My WH asked for a separation in April as he said he didn't feel loved. He said I was too busy with work, school, the house and our son to love him enough. He treated me very cold for several months until I left in June. We sought counseling over the summer and he continued to say how I didn't give him enough attention, that I didn't compliment him enough, that I was always too busy. We discussed why I was too busy, i.e.: he said he believed my 'job' was in the home and to take care of our children. That I should balance my energy so I had more time for him. I tried to see his point and worked on giving him more attention. We seemed to be progressing towards reconcilliation and I was to move home Oct 1st.
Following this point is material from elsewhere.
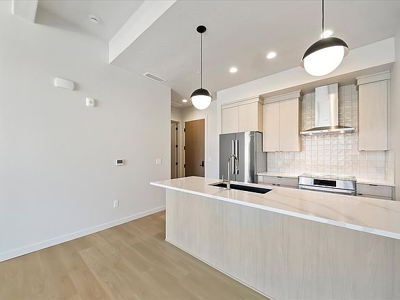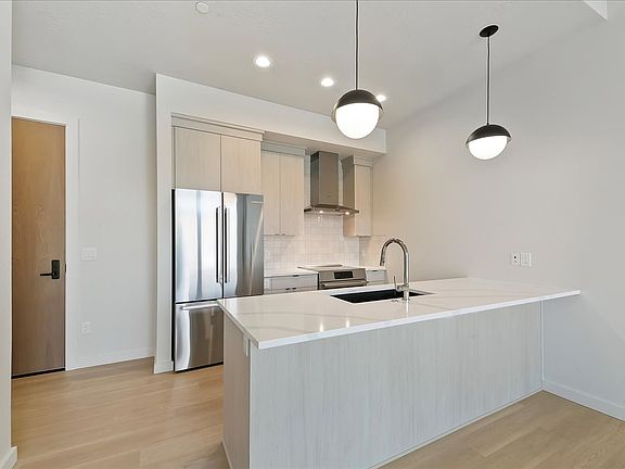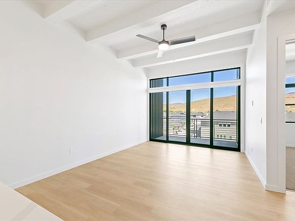Pets are allowed at this brand new condo is located in the historic Barber Valley of NE Boise's Harris Ranch. There is even a pet washing station for your furry friend! Nestled off Warm Springs Avenue and Parkcenter Blvd, between the Boise River and Foothills, Stacker Lofts blend urban convenience with natural beauty, prioritizing more playtime and less home upkeep. Loft 304, on the top floor, boasts stunning foothill views, inspiring adventures like hiking and biking, with a private balcony to soak it all in. Inside, enjoy lofty beamed ceilings, abundant windows, and premium finishes like tile, quartz, custom glass, and Bosch appliances, including refrigerator and washer/dryer for effortless move-in. Fiberglass windows with 5% e-shade coverings balance privacy, light, and views. The great room features a flat-screen-ready panel and 12' wood sliding glass doors for seamless indoor-outdoor living. Residents enjoy a rooftop deck, clubhouse, private parking, bike storage, pet spa, elevator, secure lobby, and pool.
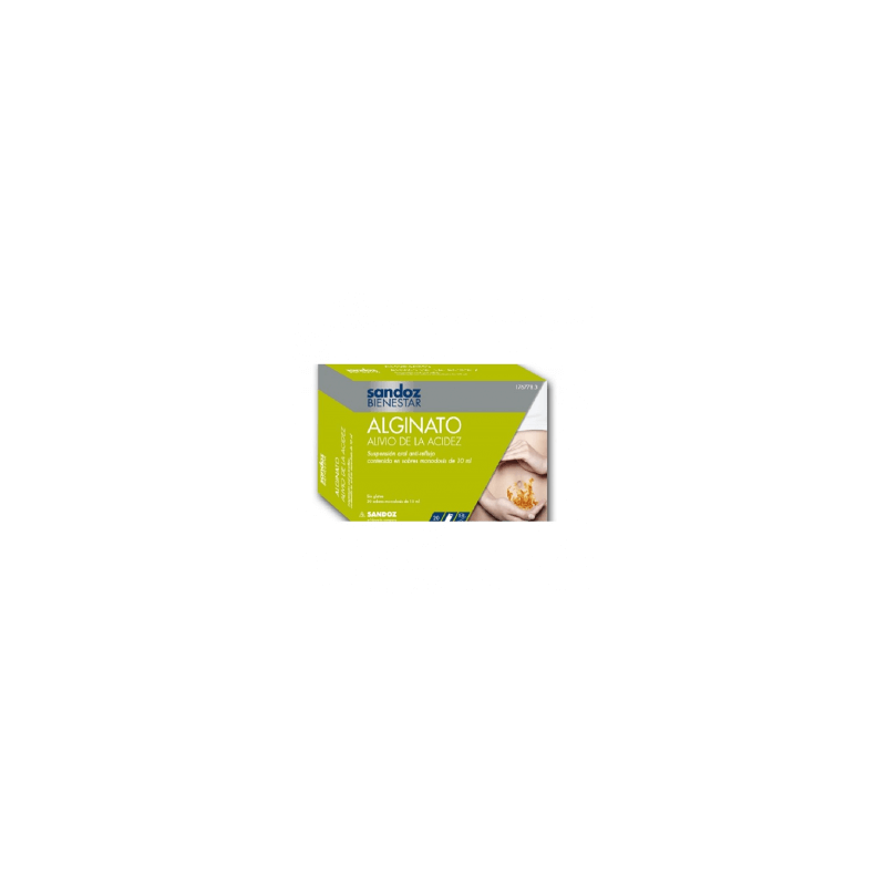 Agua purificada, alginato de sodio, bicarbonato de sodio, carbonato de sodio, carbonato de calcio, aromas, ácido poliacrílico, propil-p-hidroxibenzoato, metil-p-hidroxibenzoato de sodio, sacarina sódica. Adultos y niños mayores de 12 años: 1 ó 2 sobres después de las comidas y al acostarse. Agitar bien antes de usar. Tratamiento del reflujo gastroesofágico para reducir los síntomas relacionados, tales como ardores, pirosis durante el embarazo, esofagitis por reflujo, regurgitación ácida, indigestión, tos, inflamación laringofaríngea.El producto contiene alginato de sodio y carbonatos. Es un producto sanitario cuya actividad se explica por un mecanismo de acción físico. Una vez que se pone en contacto con el pH ácido del estómago, el alginato de sodio (polímero extraído de algas marrones) precipita formando un gel. Los carbonatos liberan dióxido de carbono que permite que el gel flote y forme una balsa que representa una barrera física capaz de prevenir el reflujo de los jugos gástricos en el esófago. Marcado CE. ON: 0373. Clase IIa.

On Sept 27th I found out he was having an emotional affair the whole time denying anything physical. He said he ended the affair and finally in Nov confessed to a physical affair.
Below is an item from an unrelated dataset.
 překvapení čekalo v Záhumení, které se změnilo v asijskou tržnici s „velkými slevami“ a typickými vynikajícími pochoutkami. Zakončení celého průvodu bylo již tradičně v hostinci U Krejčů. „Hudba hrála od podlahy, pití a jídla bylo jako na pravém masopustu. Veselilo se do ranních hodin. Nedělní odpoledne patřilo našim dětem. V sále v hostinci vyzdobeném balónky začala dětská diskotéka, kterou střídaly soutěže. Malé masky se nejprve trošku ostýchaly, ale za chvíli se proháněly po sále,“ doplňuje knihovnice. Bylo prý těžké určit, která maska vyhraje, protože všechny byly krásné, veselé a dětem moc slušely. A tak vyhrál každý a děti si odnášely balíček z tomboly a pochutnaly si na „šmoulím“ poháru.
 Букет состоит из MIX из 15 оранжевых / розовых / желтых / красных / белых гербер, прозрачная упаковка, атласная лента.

He says he is a changed man, he now does laundry (his own and our sons as we are separated), has our son 50/50 (never changed a diaper or got up in night, never even held him until he was almost 5months old), he attended our son's activities & events (prior said it was my responsibility and was too busy), never missed a pick up after school (prior had never once picked him up as he couldn't get away in time from work), wants to do things as a family (use to take his vacations separate to work on his cars etc), shows up at my townhouse with flowers regularly (never gave me flowers or was romantic), he helps me during bad weather to get to work or clean off my car (never helped me with my car, said he shouldn't have to take care of me).
So now that he wants to reconcile he is this changed man? I wonder is this fake or real? I ask him why now, he said it was a wake up call loosing us and he was in a fog all summer and most of our married life. But it all seems too much?
So not only do I need to learn to trust him again, there is this new person that I need to fall in love with??
Did your spouse change and was it REAL?